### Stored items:
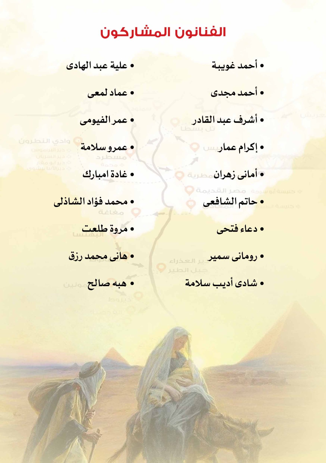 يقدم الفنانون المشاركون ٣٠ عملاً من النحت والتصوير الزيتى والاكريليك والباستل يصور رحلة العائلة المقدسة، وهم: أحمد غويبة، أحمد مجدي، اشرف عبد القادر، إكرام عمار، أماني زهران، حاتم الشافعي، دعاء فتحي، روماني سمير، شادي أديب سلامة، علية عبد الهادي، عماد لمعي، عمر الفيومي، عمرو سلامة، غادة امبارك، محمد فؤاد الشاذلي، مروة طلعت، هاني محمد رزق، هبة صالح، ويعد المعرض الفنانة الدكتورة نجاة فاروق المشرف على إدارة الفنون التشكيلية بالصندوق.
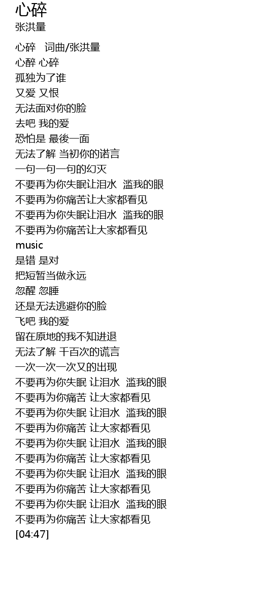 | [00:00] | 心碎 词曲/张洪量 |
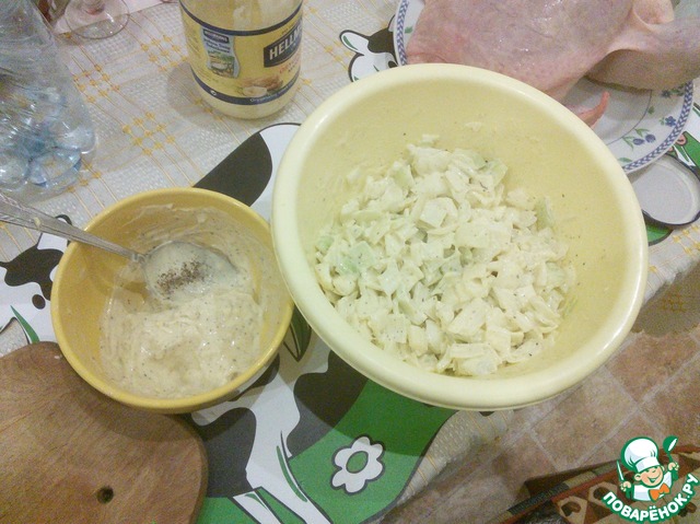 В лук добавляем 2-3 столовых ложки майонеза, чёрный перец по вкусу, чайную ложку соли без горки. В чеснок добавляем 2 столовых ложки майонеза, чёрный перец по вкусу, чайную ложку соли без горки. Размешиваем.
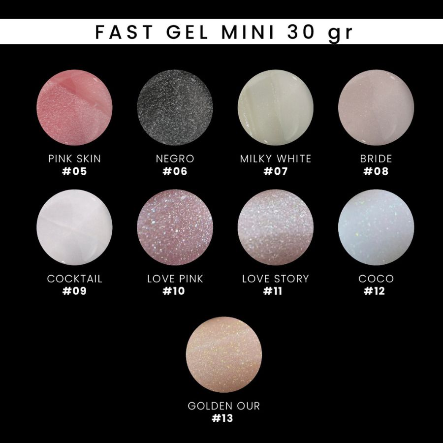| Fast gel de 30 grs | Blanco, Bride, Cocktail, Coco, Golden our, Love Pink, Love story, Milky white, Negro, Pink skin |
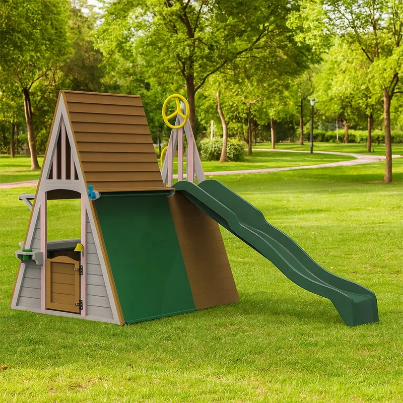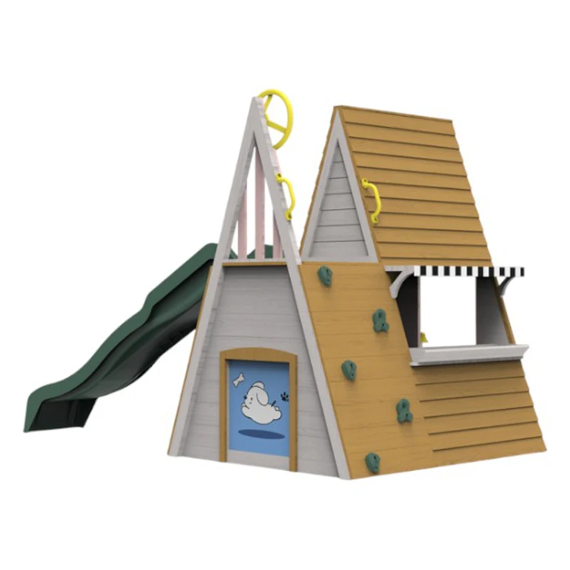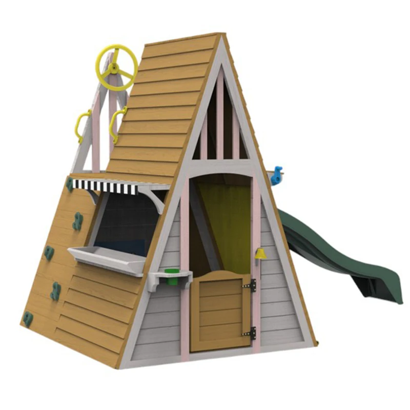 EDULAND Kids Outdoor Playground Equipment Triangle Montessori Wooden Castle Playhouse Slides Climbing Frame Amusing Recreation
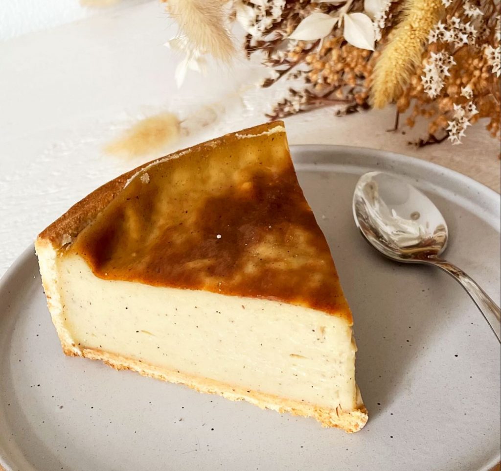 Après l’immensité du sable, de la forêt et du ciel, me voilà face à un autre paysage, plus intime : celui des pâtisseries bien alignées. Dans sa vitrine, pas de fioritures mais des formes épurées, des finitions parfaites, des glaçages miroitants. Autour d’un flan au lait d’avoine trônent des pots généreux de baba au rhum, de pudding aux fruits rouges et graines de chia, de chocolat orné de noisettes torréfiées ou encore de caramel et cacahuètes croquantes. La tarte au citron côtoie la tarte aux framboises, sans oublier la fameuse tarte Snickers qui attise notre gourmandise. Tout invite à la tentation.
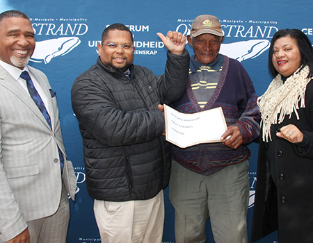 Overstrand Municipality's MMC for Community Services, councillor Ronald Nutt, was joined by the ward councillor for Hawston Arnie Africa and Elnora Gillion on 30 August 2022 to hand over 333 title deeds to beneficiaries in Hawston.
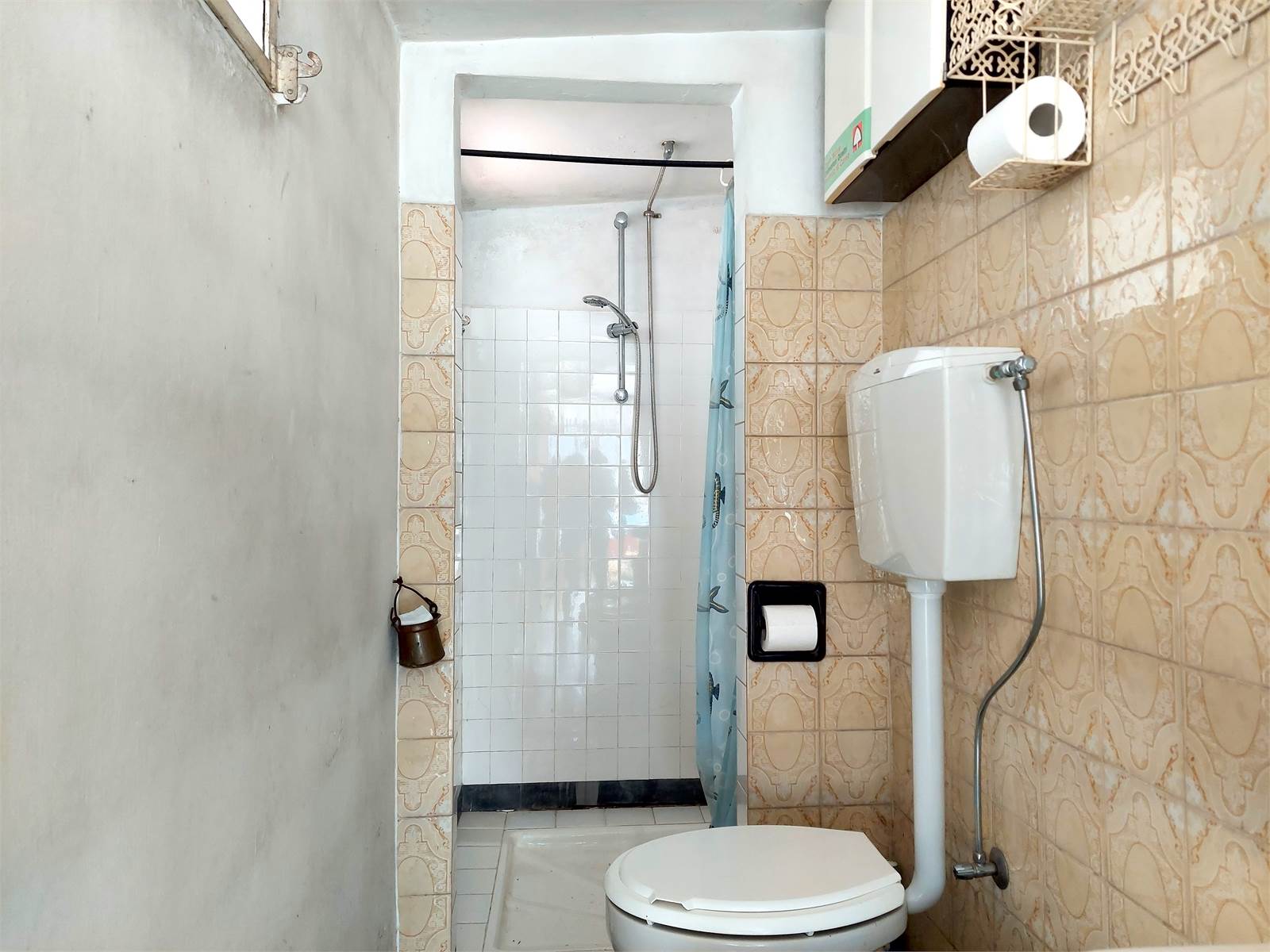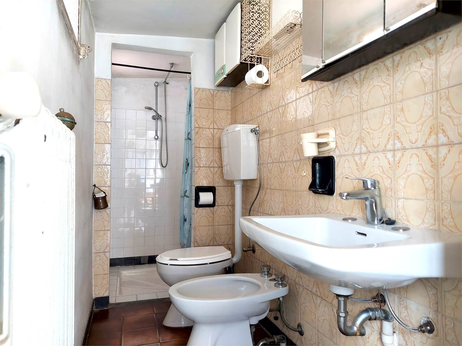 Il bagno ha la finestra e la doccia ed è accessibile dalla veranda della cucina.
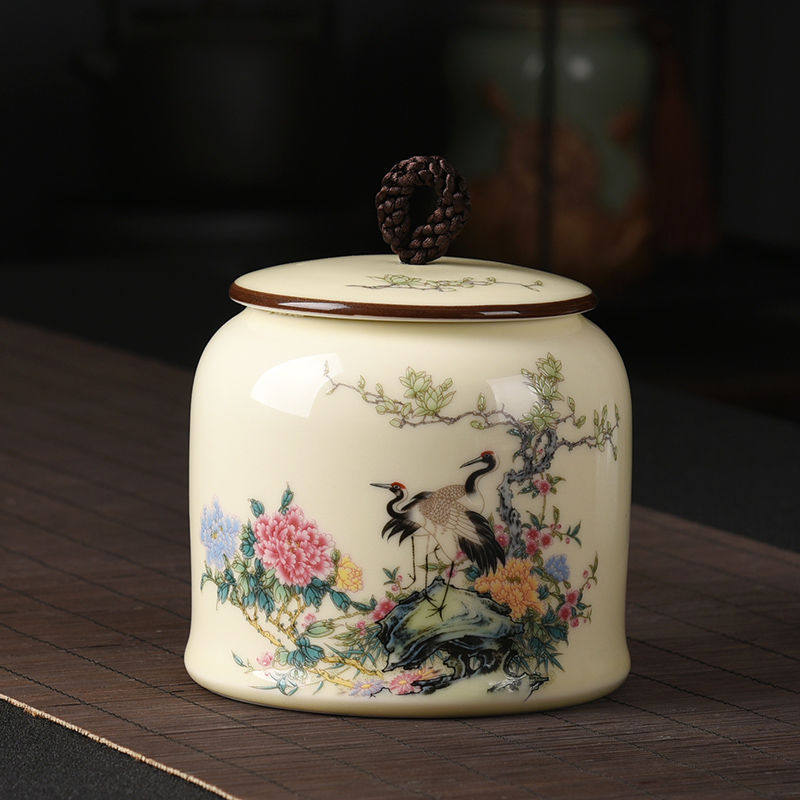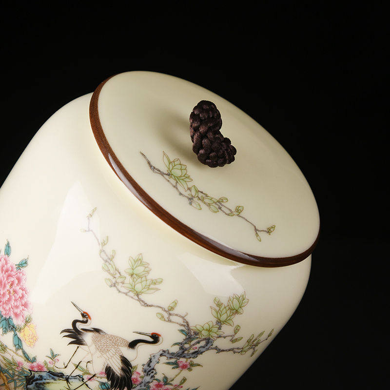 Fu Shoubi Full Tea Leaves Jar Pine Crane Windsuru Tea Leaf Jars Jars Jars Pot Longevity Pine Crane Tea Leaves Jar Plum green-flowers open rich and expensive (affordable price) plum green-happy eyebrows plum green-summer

### Directions:
Exact copy, no pictures: reproduce every record as it stands.

### Your response:
 يقدم الفنانون المشاركون ٣٠ عملاً من النحت والتصوير الزيتى والاكريليك والباستل يصور رحلة العائلة المقدسة، وهم: أحمد غويبة، أحمد مجدي، اشرف عبد القادر، إكرام عمار، أماني زهران، حاتم الشافعي، دعاء فتحي، روماني سمير، شادي أديب سلامة، علية عبد الهادي، عماد لمعي، عمر الفيومي، عمرو سلامة، غادة امبارك، محمد فؤاد الشاذلي، مروة طلعت، هاني محمد رزق، هبة صالح، ويعد المعرض الفنانة الدكتورة نجاة فاروق المشرف على إدارة الفنون التشكيلية بالصندوق.
 | [00:00] | 心碎 词曲/张洪量 |
 В лук добавляем 2-3 столовых ложки майонеза, чёрный перец по вкусу, чайную ложку соли без горки. В чеснок добавляем 2 столовых ложки майонеза, чёрный перец по вкусу, чайную ложку соли без горки. Размешиваем.
| Fast gel de 30 grs | Blanco, Bride, Cocktail, Coco, Golden our, Love Pink, Love story, Milky white, Negro, Pink skin |
 EDULAND Kids Outdoor Playground Equipment Triangle Montessori Wooden Castle Playhouse Slides Climbing Frame Amusing Recreation
 Après l’immensité du sable, de la forêt et du ciel, me voilà face à un autre paysage, plus intime : celui des pâtisseries bien alignées. Dans sa vitrine, pas de fioritures mais des formes épurées, des finitions parfaites, des glaçages miroitants. Autour d’un flan au lait d’avoine trônent des pots généreux de baba au rhum, de pudding aux fruits rouges et graines de chia, de chocolat orné de noisettes torréfiées ou encore de caramel et cacahuètes croquantes. La tarte au citron côtoie la tarte aux framboises, sans oublier la fameuse tarte Snickers qui attise notre gourmandise. Tout invite à la tentation.
 Overstrand Municipality's MMC for Community Services, councillor Ronald Nutt, was joined by the ward councillor for Hawston Arnie Africa and Elnora Gillion on 30 August 2022 to hand over 333 title deeds to beneficiaries in Hawston.
 Il bagno ha la finestra e la doccia ed è accessibile dalla veranda della cucina.
 Fu Shoubi Full Tea Leaves Jar Pine Crane Windsuru Tea Leaf Jars Jars Jars Pot Longevity Pine Crane Tea Leaves Jar Plum green-flowers open rich and expensive (affordable price) plum green-happy eyebrows plum green-summer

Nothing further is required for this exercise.